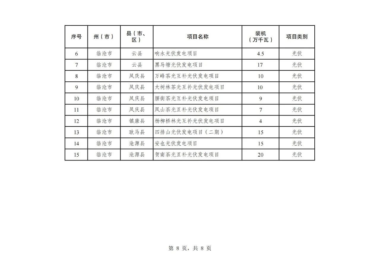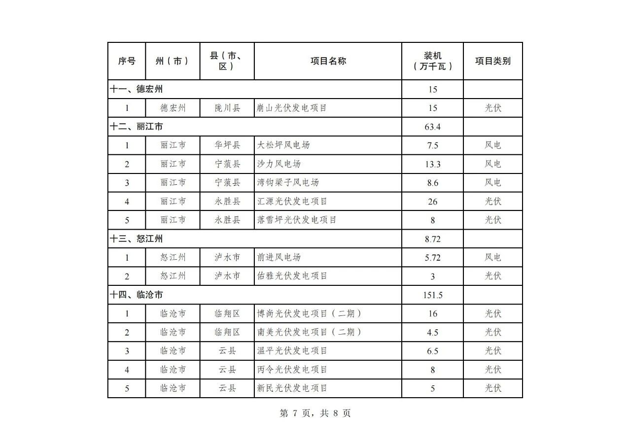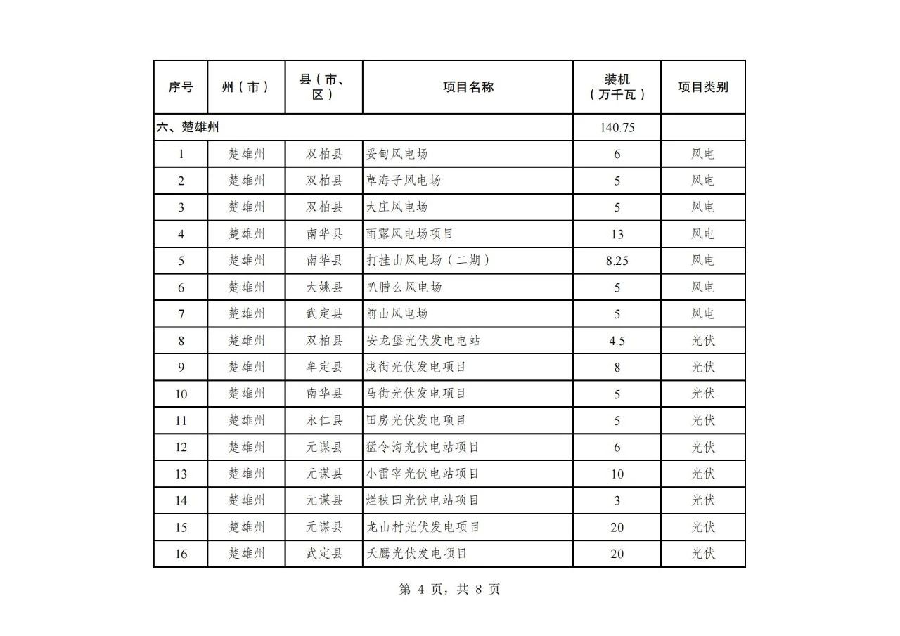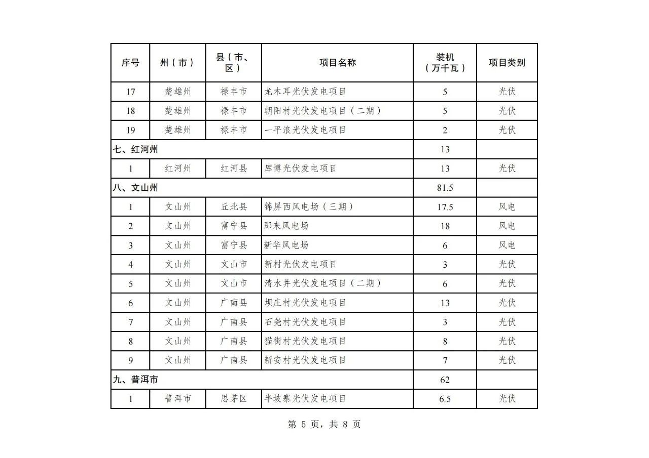 纳入云南省2024年第二批新能源项目开发建设方案实施的项目共108个,装机934.75万千瓦,其中,风电项目30个、装机容量242.26万千瓦,光伏项目78个、装机容量692.49万千瓦(详见附件)。
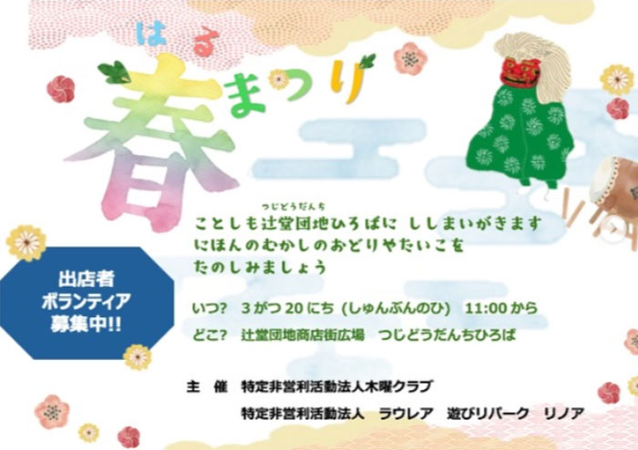 | 主催・協賛団体など | 【主催】NPO法人 木曜クラブ、NPO法人 ラウレア、あそびリパークリノア |
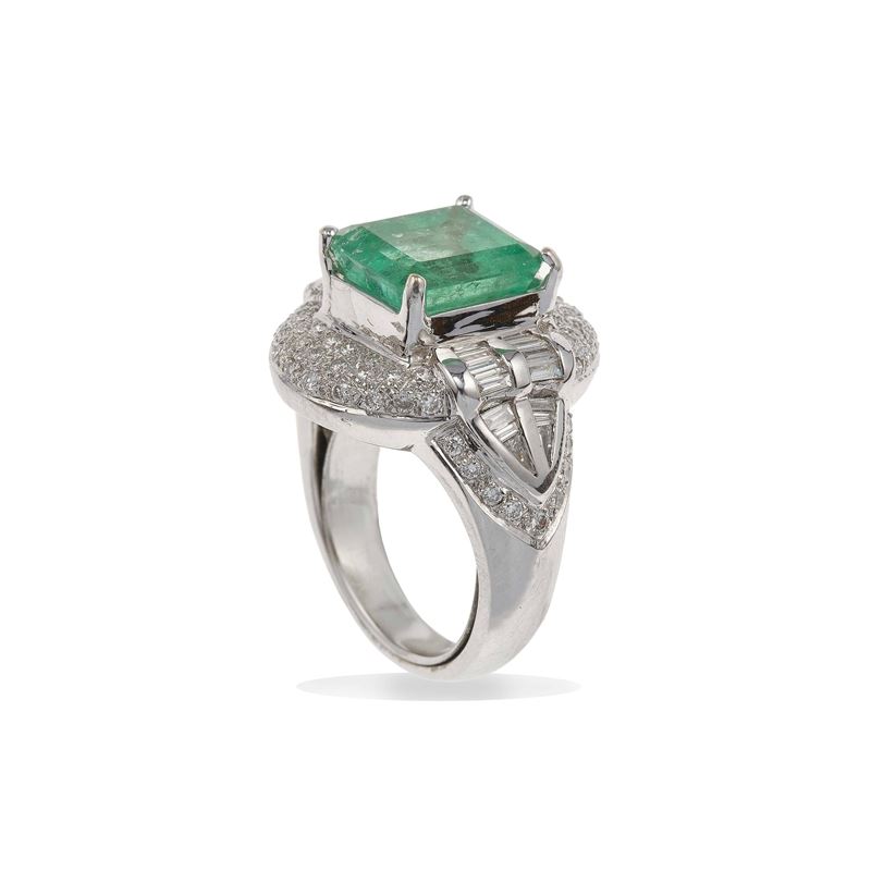 Emerald, diamond and gold ring
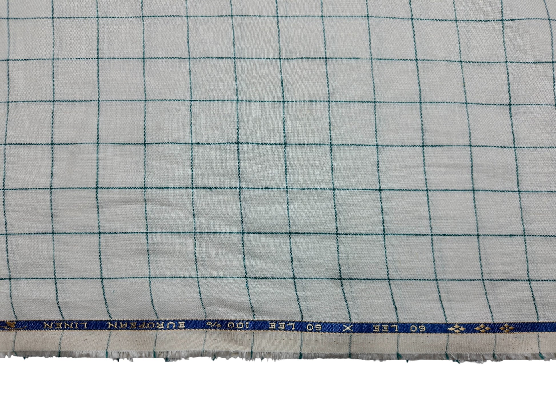 100% Pure European Linen 60 LEA Shirting Fabric (White & Green , Checks)
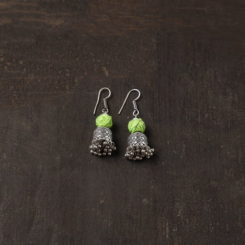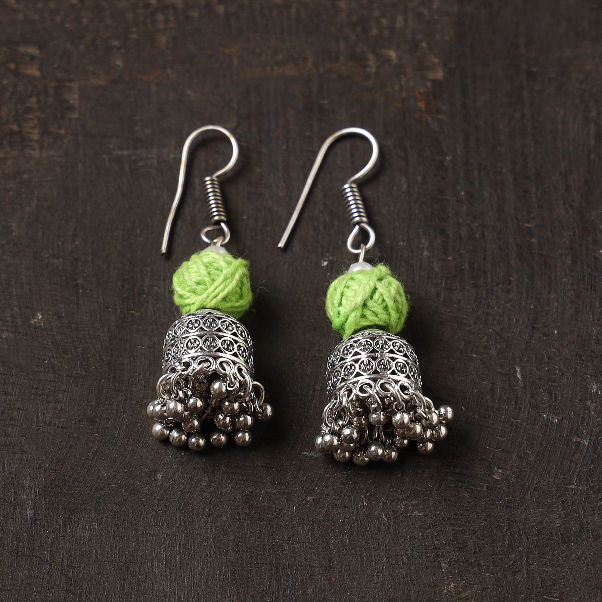 Handcrafted german silver jhumki earrings are beautifully detailed with green thread beads. Made by iskilled artisans, they offer a lightweight, and perfect for adding a unique charm to festive and everyday looks. German silver adds durability and is known for its strong, long-lasting finish.

Exercise brief: An exact copy of all the entries above is required, with every picture left out.

Solution to this task:
 纳入云南省2024年第二批新能源项目开发建设方案实施的项目共108个,装机934.75万千瓦,其中,风电项目30个、装机容量242.26万千瓦,光伏项目78个、装机容量692.49万千瓦(详见附件)。
 | 主催・協賛団体など | 【主催】NPO法人 木曜クラブ、NPO法人 ラウレア、あそびリパークリノア |
 Emerald, diamond and gold ring
 100% Pure European Linen 60 LEA Shirting Fabric (White & Green , Checks)
 Handcrafted german silver jhumki earrings are beautifully detailed with green thread beads. Made by iskilled artisans, they offer a lightweight, and perfect for adding a unique charm to festive and everyday looks. German silver adds durability and is known for its strong, long-lasting finish.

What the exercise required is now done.